La decisione di Michelle Baldassarre di togliersi la vita, acclarata più o meno univocamente dai consulenti e, di conseguenza dal pm incaricato di far chiarezza sulla sua morte, sta tutta tra gennaio e febbraio. Sta nel “frangente temporale”, in cui la 56enne igienista dentale di Santeramo, dopo aver denunciato il suo ex marito e chiesto…

La decisione di Michelle Baldassarre di togliersi la vita, acclarata più o meno univocamente dai consulenti e, di conseguenza dal pm incaricato di far chiarezza sulla sua morte, sta tutta tra gennaio e febbraio. Sta nel “frangente temporale”, in cui la 56enne igienista dentale di Santeramo, dopo aver denunciato il suo ex marito e chiesto la separazione, ha preso coscienza «dell’irreversibile fine del legame con il marito, sulla cui figura aveva plasmato la propria esistenza, unitamente al senso di colpa nei confronti delle due figlie», vissute in un doloroso clima familiare.

C’è questo, ci sono le analisi del medico legale Francesco Vinci e del docente di Psicopatologia forense dell’università di Bari, Roberto Catanesi, condotte sul suo corpo e sulla sua anima, sulla personalità di una donna “docile, adattabile”. Ed è nel profilo di Michelle, in particolare, che si trovano le risposte più utili alle domande di verità.

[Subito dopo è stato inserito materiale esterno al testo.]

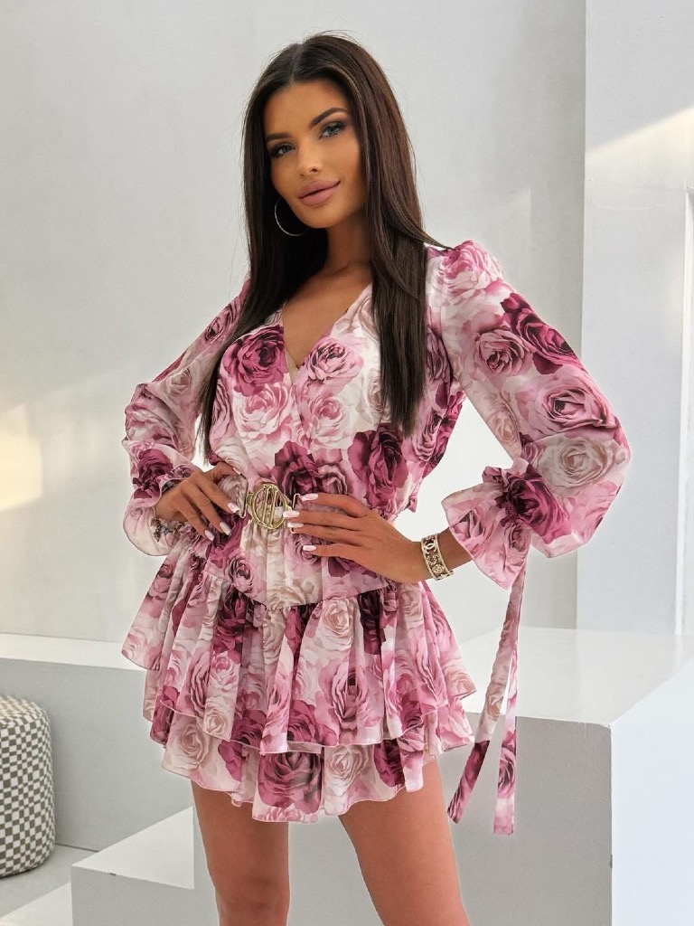 Nasz bestseller – szyfonowy kombinezon z falbankami wykonany z lekkiego, delikatnego materiału. Dekolt w literke V Modny print i przepiękna kolorystyka. Kombinezon posiada gumkę w pasie. Idealny na specjalne wyjścia jak i na co dzień. Posiada podszewkę.

Nelle scorse ore, il sostituto procuratore Baldo Pisani, incaricato dell’inchiesta sul ritrovamento del cadavere semicarbonizzato di Michelle, il 9 febbraio nelle campagne di Santeramo ha chiesto al gip di archiviarlo quel fascicolo. Lo ha fatto dopo aver studiato le due autopsie, quella sul cadavere e quella psicologica, aver ascoltato i “testimoni” della vita di Michelle: il suo ex marito Vito Passalacqua, le due figlie Donatella e Francesca, la sorella Maria Pia, l’amica di sempre, Teresa. Un quadro che, se da una parte non lascia certezze sulle modalità del decesso (Vinci propende comunque per il suicidio), si arricchisce di pezzi dai quali emerge la vita di Michelle. Una donna remissiva, “accondiscendente”, come l’ha definita sua figlia, che tendeva ad adattarsi alle richieste che venivano da figure per lei significative, «ancor più – scrive Catanesi – rispetto a un marito descritto come persona autoritaria, o francamente prepotente, un uomo dunque ben capace di condizionarne scelte e orientamenti, finanche numero e qualità delle amicizie».

Nella ricostruzione delle ultime ore di vita i passi salienti: l’acquisto della benzina riposta in una tanica che aveva portato con sè, di quell’accendino a gas da cucina, ritrovato accanto al corpo, dei soldi lasciati a sua figlia e degli anelli a cui lei teneva tanto, ritrovati a casa. Sul suo corpo il grosso coltello, riconosciuto come uno di quelli che in famiglia usavano per tagliare i salumi.

E se Michelle si è suicidata, per il pm, non si può imputare la colpa a nessuno, né propendere per istigazione al suicidio. Perché la sua, scrive, è stata una scelta: «Paradossalmente – si legge nella richiesta di archiviazione – l’innesco di autodeterminazione al suicidio è costituito dalla decisione di denunciare il marito, in quanto ha destrutturato l’equilibrio, al cui interno la fragile personalità della defunta aveva una parvenza di stabilità».